■ Problem to work on
The entries below are to be copied exactly, with every picture left out.

■ The input
%%

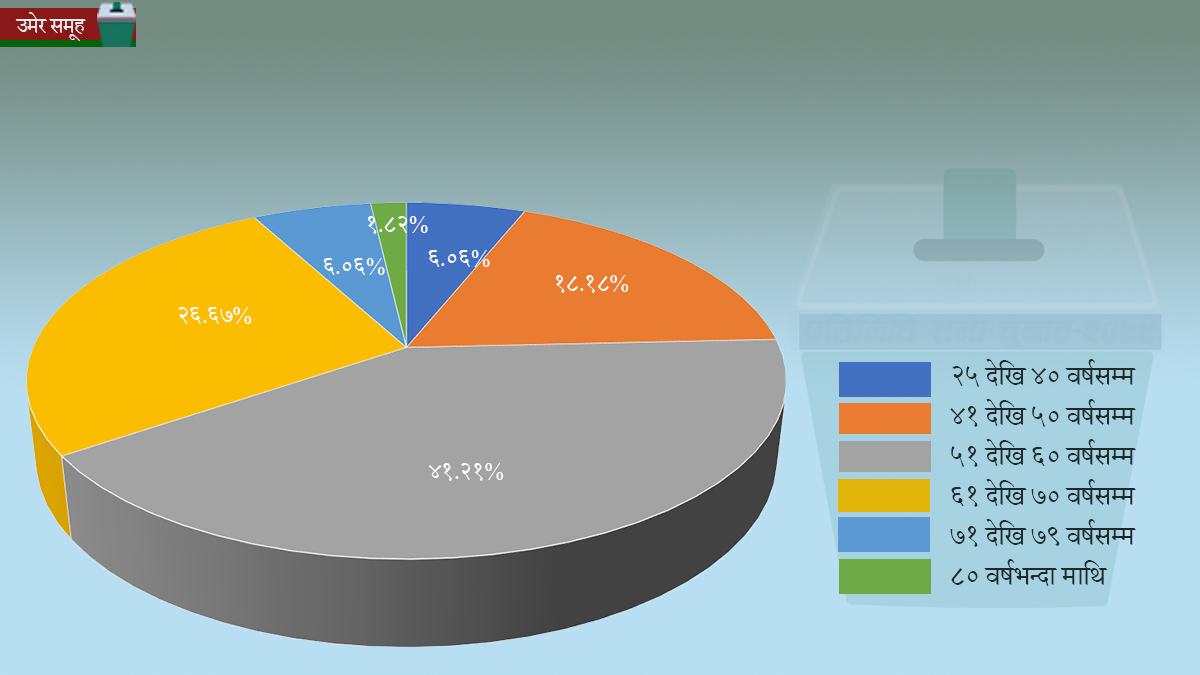 हालै सम्पन्न प्रतिनिधि सभा सदस्य निर्वाचनमा प्रत्यक्षबाट निर्वाचित १६५ जना सांसदमध्ये अधिकांश ५१ देखि ६० वर्ष उमेर समूहका निर्वाचित भएका छन्।
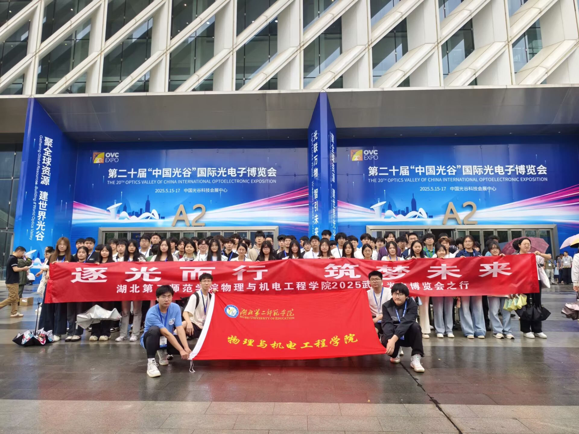 本网讯(通讯员 金琰)为深化“读懂中国、读懂荆楚、读懂光谷”系列教育活动,5月15日下午,物理与机电工程学院组织“一站式”创新笃行学生社区的24级学生代表及思政育人队伍、学业导师等前往中国光谷科技会展中心参观第二十届“中国光谷”国际光电子博览会。
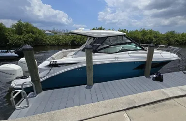 A cross between a sport cruiser and bowrider, the forward lounge seating design of the 320 Sundancer is unique in a boat this size. Accessed from a port walkway with two 6″ steps, the bow area features three individual, forward-facing lounge seats, each with an adjustable headrest and fold-down armrests. Cockpit features include a double helm seat with flip-up bolsters, an L-shaped settee with a removable table to port, a single jump seat abaft the helm, and a molded entertainment center aft of the jump seat with a Corian countertop, sink, refrigerator, trash receptacle and optional electric grill. Stowage is in the cockpit side panels, beneath the seats and in a deep transom compartment. A sun shade deploys from the hardtop to extend over the entire cockpit. Below, the 320 has a well-appointed cabin with an enclosed head and sleeping accommodations for four. In the aft cabin, sliding twin beds combine to form a queen bed, and the forward dinette converts to a V-berth. The mini-galley at the foot of the companionway steps includes a microwave and refrigerator.
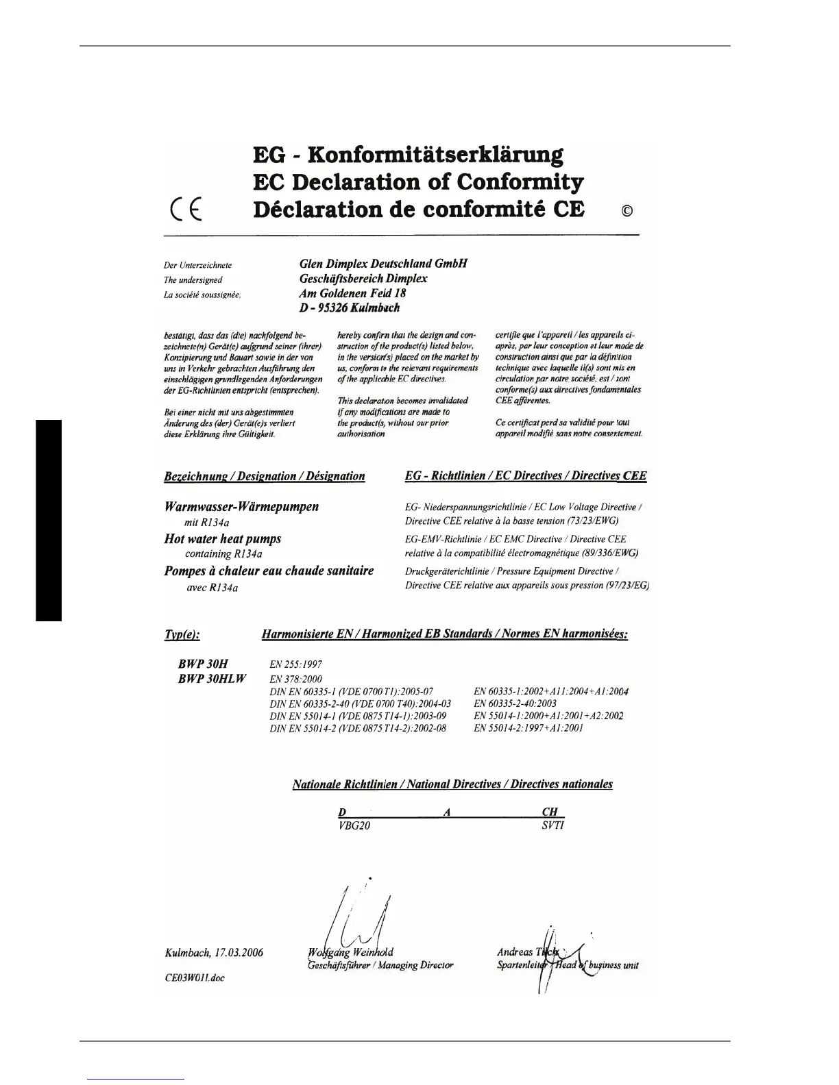Dimplex BWP 30 H - EC Declaration of Conformity
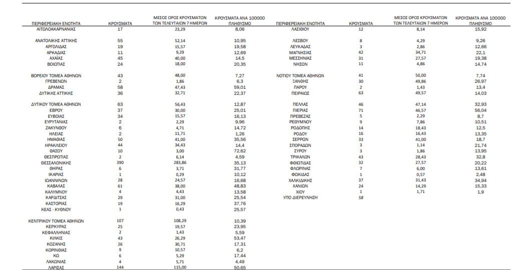 Στην Αττική καταγράφονται τα εξής κρούσματα:
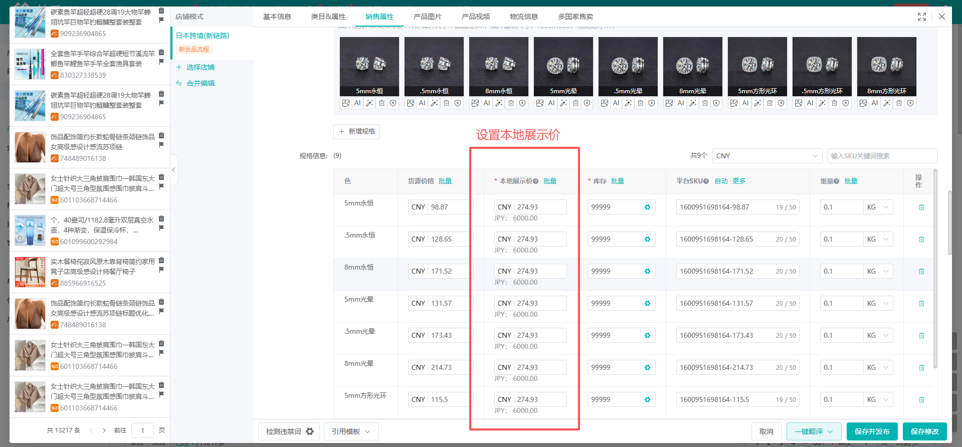 首发店铺需要设置本地展示价,本地展示价设置多少,发布到店铺售卖的价格就是多少,点击铅笔小标即可设置本地展示价
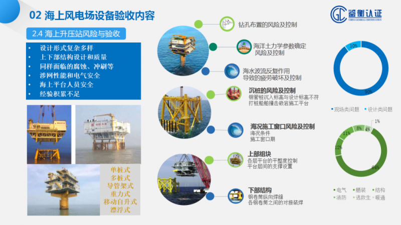 海上升压站设计形式复杂多样,上下部均应关注结构设计和质量,同样面临的腐蚀、冲刷等;此外还应重视涉网性能和电气安全,海上平台人员安全等问题。根据统计数据显示,海上升压站出现的问题中,设计类问题占10%,而现场类问题占到了90%,其中,电气类问题占比最多。我们在海上升压站验收时,有两大模块:升压站设计与过程文件审查,升压站设备质量检查与检测。
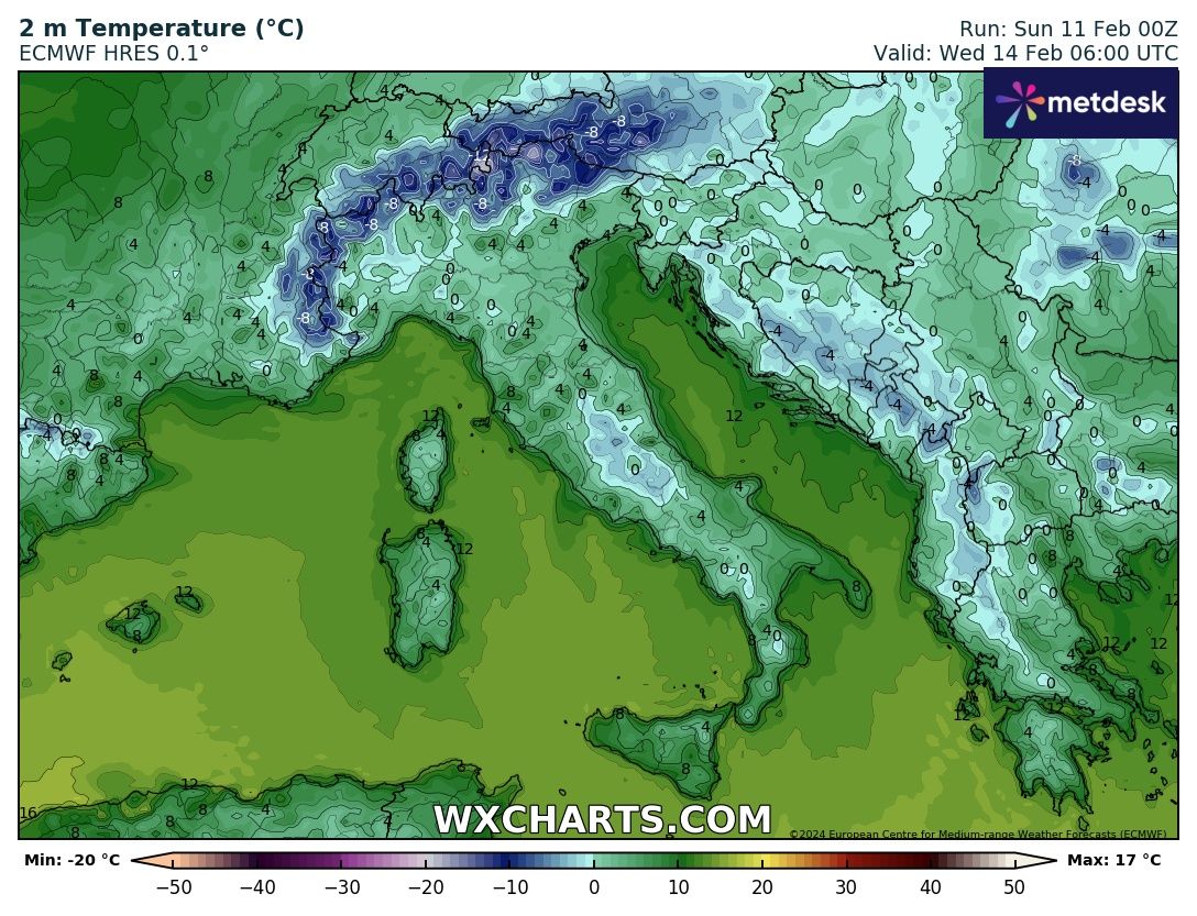 Se invece guardiamo l’elaborato delle temperature minime di Mercoledì 14 Febbraio, notiamo come l’aria fredda abbia raggiunto tutti i settori, portando le minime sulle Alpi fino a -20° e sotto lo zero la catena Appenninica e alcune zone della Pianura Padana:
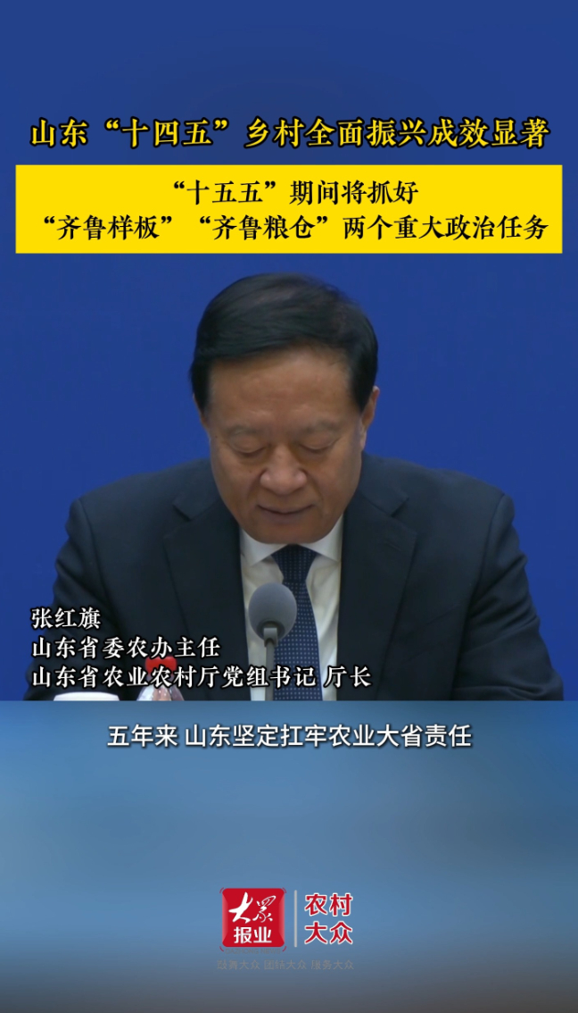 “十五五”期间,山东将抓好 “齐鲁样板”“齐鲁粮仓”两个重大政治任务大众新闻·农村大众 12-12原创12月12日山东省新闻办举行新闻发布会,邀请省农业农村厅主要负责同志等介绍“十四五”时期山东加快推进农业农村现代化情况。发布会上,山东省委农办主任,省农业农村厅党组书记、厅长张红旗表示,五年来,山东坚定扛牢农业大省责任,统筹推进乡村产业发展、乡村建设和乡村治理,农业农村现代化迈出坚实步伐,乡村全面振兴取得显著成效。(大众新闻·农村大众记者 刘雯)

%%

■ Expected output
 हालै सम्पन्न प्रतिनिधि सभा सदस्य निर्वाचनमा प्रत्यक्षबाट निर्वाचित १६५ जना सांसदमध्ये अधिकांश ५१ देखि ६० वर्ष उमेर समूहका निर्वाचित भएका छन्।
 本网讯(通讯员 金琰)为深化“读懂中国、读懂荆楚、读懂光谷”系列教育活动,5月15日下午,物理与机电工程学院组织“一站式”创新笃行学生社区的24级学生代表及思政育人队伍、学业导师等前往中国光谷科技会展中心参观第二十届“中国光谷”国际光电子博览会。
 A cross between a sport cruiser and bowrider, the forward lounge seating design of the 320 Sundancer is unique in a boat this size. Accessed from a port walkway with two 6″ steps, the bow area features three individual, forward-facing lounge seats, each with an adjustable headrest and fold-down armrests. Cockpit features include a double helm seat with flip-up bolsters, an L-shaped settee with a removable table to port, a single jump seat abaft the helm, and a molded entertainment center aft of the jump seat with a Corian countertop, sink, refrigerator, trash receptacle and optional electric grill. Stowage is in the cockpit side panels, beneath the seats and in a deep transom compartment. A sun shade deploys from the hardtop to extend over the entire cockpit. Below, the 320 has a well-appointed cabin with an enclosed head and sleeping accommodations for four. In the aft cabin, sliding twin beds combine to form a queen bed, and the forward dinette converts to a V-berth. The mini-galley at the foot of the companionway steps includes a microwave and refrigerator.
Dimplex BWP 30 H - EC Declaration of Conformity
 Στην Αττική καταγράφονται τα εξής κρούσματα:
 首发店铺需要设置本地展示价,本地展示价设置多少,发布到店铺售卖的价格就是多少,点击铅笔小标即可设置本地展示价
 海上升压站设计形式复杂多样,上下部均应关注结构设计和质量,同样面临的腐蚀、冲刷等;此外还应重视涉网性能和电气安全,海上平台人员安全等问题。根据统计数据显示,海上升压站出现的问题中,设计类问题占10%,而现场类问题占到了90%,其中,电气类问题占比最多。我们在海上升压站验收时,有两大模块:升压站设计与过程文件审查,升压站设备质量检查与检测。
 Se invece guardiamo l’elaborato delle temperature minime di Mercoledì 14 Febbraio, notiamo come l’aria fredda abbia raggiunto tutti i settori, portando le minime sulle Alpi fino a -20° e sotto lo zero la catena Appenninica e alcune zone della Pianura Padana:
 “十五五”期间,山东将抓好 “齐鲁样板”“齐鲁粮仓”两个重大政治任务大众新闻·农村大众 12-12原创12月12日山东省新闻办举行新闻发布会,邀请省农业农村厅主要负责同志等介绍“十四五”时期山东加快推进农业农村现代化情况。发布会上,山东省委农办主任,省农业农村厅党组书记、厅长张红旗表示,五年来,山东坚定扛牢农业大省责任,统筹推进乡村产业发展、乡村建设和乡村治理,农业农村现代化迈出坚实步伐,乡村全面振兴取得显著成效。(大众新闻·农村大众记者 刘雯)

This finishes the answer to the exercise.